Its current definition has evolved to cover a number of subject areas in computer graphics, computer vision, and applied optics. These areas are given below, organized according to a taxonomy proposed by Shree K. Nayar. Within each area is a list of techniques, and for each technique one or two representative papers or books are cited. Deliberately omitted from the taxonomy are image processing (see also digital image processing) techniques applied to traditionally captured images in order to produce better images. Examples of such techniques are image scaling, dynamic range compression (i.e. tone mapping), color management, image completion (a.k.a. inpainting or hole filling), image compression, digital watermarking, and artistic image effects. Also omitted are techniques that produce range data, volume data, 3D models, 4D light fields, 4D, 6D, or 8D BRDFs, or other high-dimensional image-based representations. Epsilon Photography is a sub-field of computational photography.

Computational illumination[edit]

This is controlling photographic illumination in a structured fashion, then processing the captured images, to create new images. The applications include image-based relighting, image enhancement, image deblurring, geometry/material recovery and so forth.

Computational optics[edit]

This is capture of optically coded images, followed by computational decoding to produce new images. Coded aperture imaging was mainly applied in astronomy or X-ray imaging to boost the image quality. Instead of a single pin-hole, a pinhole pattern is applied in imaging, and deconvolution is performed to recover the image. In coded exposure imaging, the on/off state of the shutter is coded to modify the kernel of motion blur.[3] In this way motion deblurring becomes a well-conditioned problem. Similarly, in a lens based coded aperture, the aperture can be modified by inserting a broadband mask.[4] Thus, out of focus deblurring becomes a well-conditioned problem.

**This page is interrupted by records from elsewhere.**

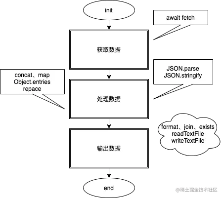 其实抛开语言和平台,要想实现热搜汇总榜,无非就是三步走:① 获取数据 ② 处理数据 ③ 输出数据。接下来从 Deno 的视角来详细解说这三步是如何走的:
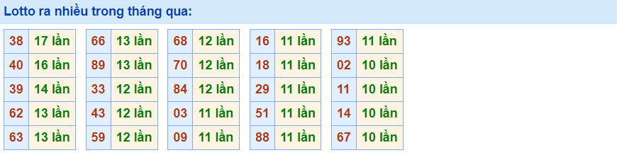 - Cặp 38 với 17 lần về trong tháng qua
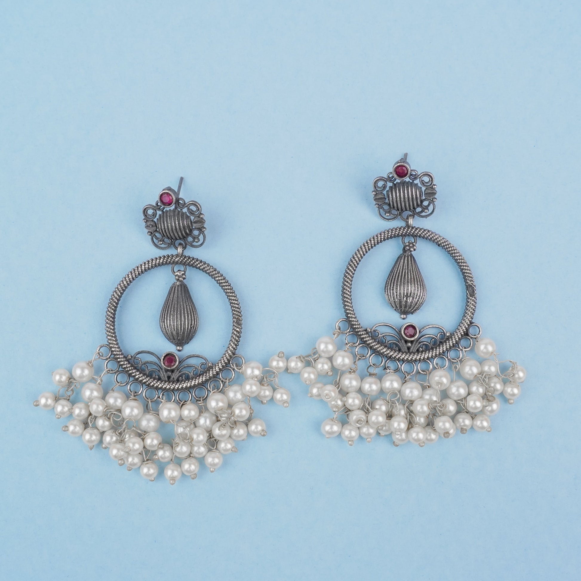 Ghoomar- Silver Brass Pearl dangler earrings(Red)
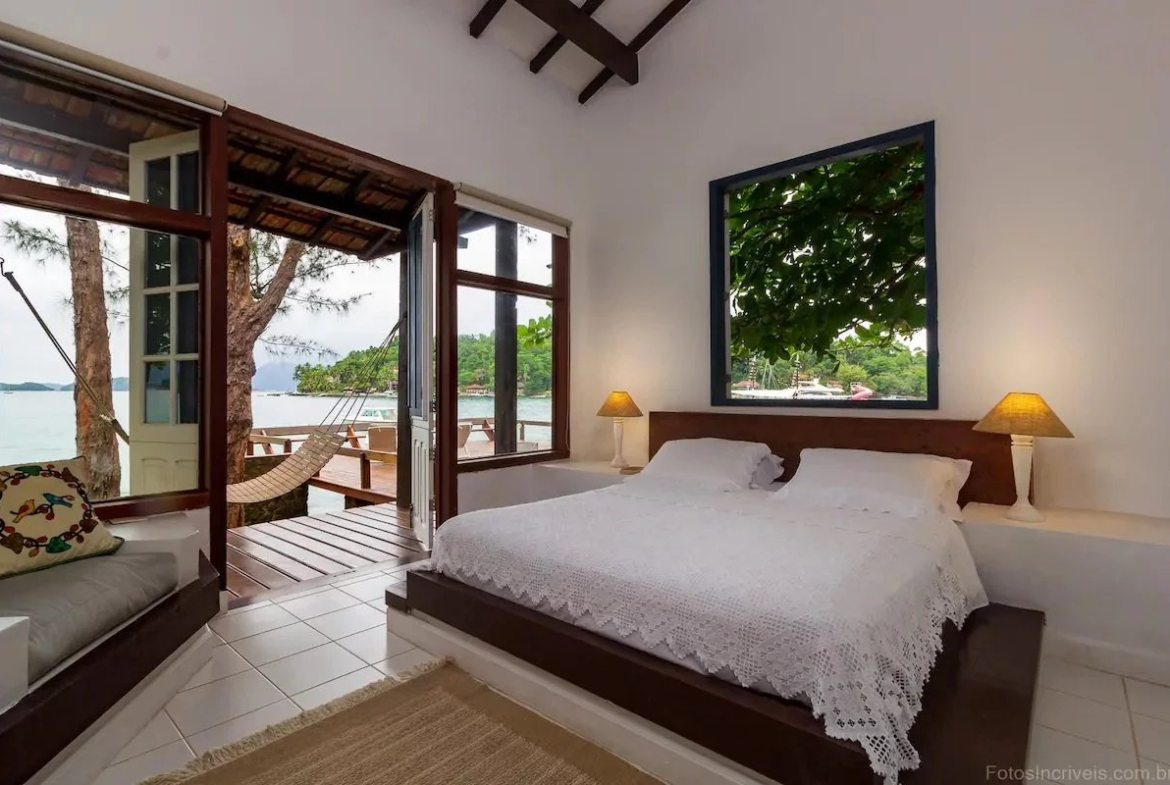 Superb villa of 500 m2 set on the sand in a paradise island in Angra dos Reis. This exceptional property has 5 bedrooms, 4 bathrooms and 6 living rooms.

The coded aperture can also improve the quality in light field acquisition using Hadamard transform optics.

Computational processing[edit]

This is processing of non-optically-coded images to produce new images.

Computational sensors[edit]

These are detectors that combine sensing and processing, typically in hardware, like the oversampled binary image sensor.

Early work in computer vision[edit]

Although computational photography is a currently popular buzzword in computer graphics, many of its techniques first appeared in the computer vision literature, either under other names or within papers aimed at 3D shape analysis.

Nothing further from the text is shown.